Now in the changed strategy the main focus of attack would be on Nitish Kumar. The BJP has decided to raise “micro issues” targeting Nitish. Lalu would be no more the focus of attack. Attacking Lalu has simply consolidated the Yadavs behind him. Earlier the alliance partners and their leaders were pariahs. In the changed situation, they have also started getting respect. They are now getting prominence in its war-room strategies. They are also asked to go for “aggressive” campaigning against rivals in the next three phases of poll. Suddenly an attempt is being made to bring Nitish’s brand of growth and development under peoples’ scrutiny. Questions are being put to Nitish: “Is this your definition of good governance? … What right have you got to talk about rule of law in Bihar?”

In fact on October 12, the BJP leadership had come to know that everything was not politically correct. Even while poling for the first phase was underway in 49 constituencies, Narendra Modi was incomplete command and was addressing meetings in neighbouring constituencies. But by evening the scenario abruptly changed. The urgency to change the track was visible. During the next four phases of the election Modi was to address not less than 20 public meetings. However it transpired that now he would address only four to five meetings.

Even before the electoral process was formally unveiled an impression was created in the mind of the voters that Bihar election would decide the future of the country as well of Modi. In this backdrop sudden decision of Modi not coming to Bihar for campaigning has in fact been quite intriguing. In the evening of October 12, leaders of the state BJP revealed that the scheduled public meetings of Modi have been cancelled. Significantly, he did not come to Bihar to address any rally coinciding with the second phase election held on October 16.

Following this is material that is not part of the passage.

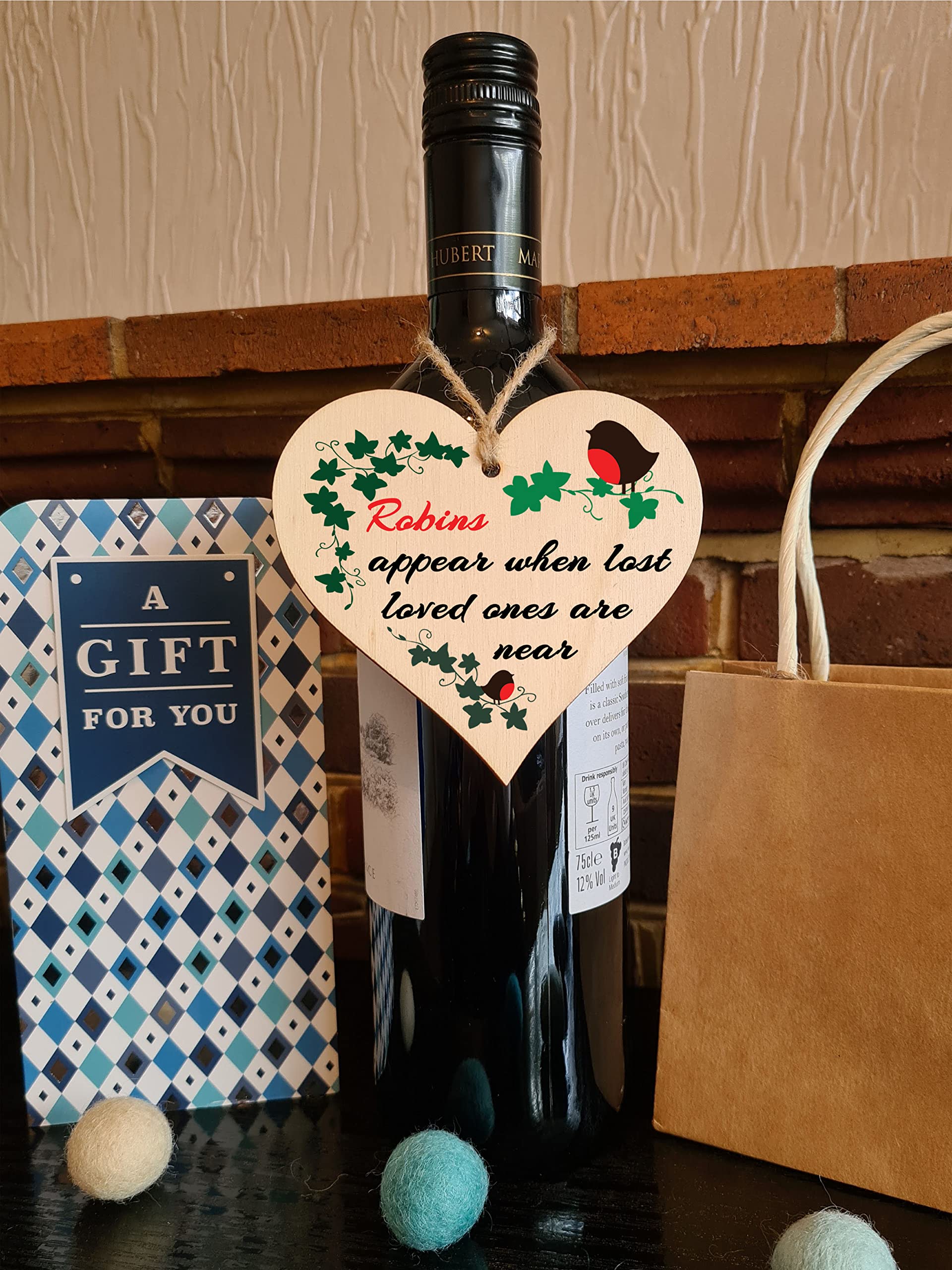 Beautiful handmade wooden heart shaped plaque. Shabby chic style hanging sign, with a unique printed design. Ideal gift for someone special. Made from high quality sustainable 3mm Plywood (Programme for the Endorsement of Forest Certification). Can be used as a hanging decoration, or even as a gift tag. Tag Reads Robins appear when lost loved ones are near.

This revelation was quite surprising. How could BJP drop its star campaigner? From the beginning, even before the elections were announced, the BJP was banking on Modi for winning the elections. Not only Modi’s programme was curtailed, in a knee-jerk reaction his face and image was also removed from the billboards and cut outs. So far they carried only the photos of Modi and Amit Shah. New posters, banners and cutouts displaying the faces and images of senior state BJP leaders, Sushil Modi, CP Thakur, Ashwani Choubey, Hukumdeo Narayan Yadav replaced the old ones. The names and photos of the alliance partner leaders like Ram Vilas Paswan of Lok Janshakti Party, UpendraKushwaha of the Rashtriya Lok Samata Party and Jitan Ram Manjhi of Hindustani Awam Morcha (Secular) have found place in new bill boards and posters

The insiders nevertheless come out with two reasons; first, the upper caste people disliked his self-boasting style and use of barbs and derogatory words against his opponents. His jibes were disliked even by his party men. Common people also questioned, how could a prime minister devote his time and energy in a state election ignoring his responsibility to govern the country?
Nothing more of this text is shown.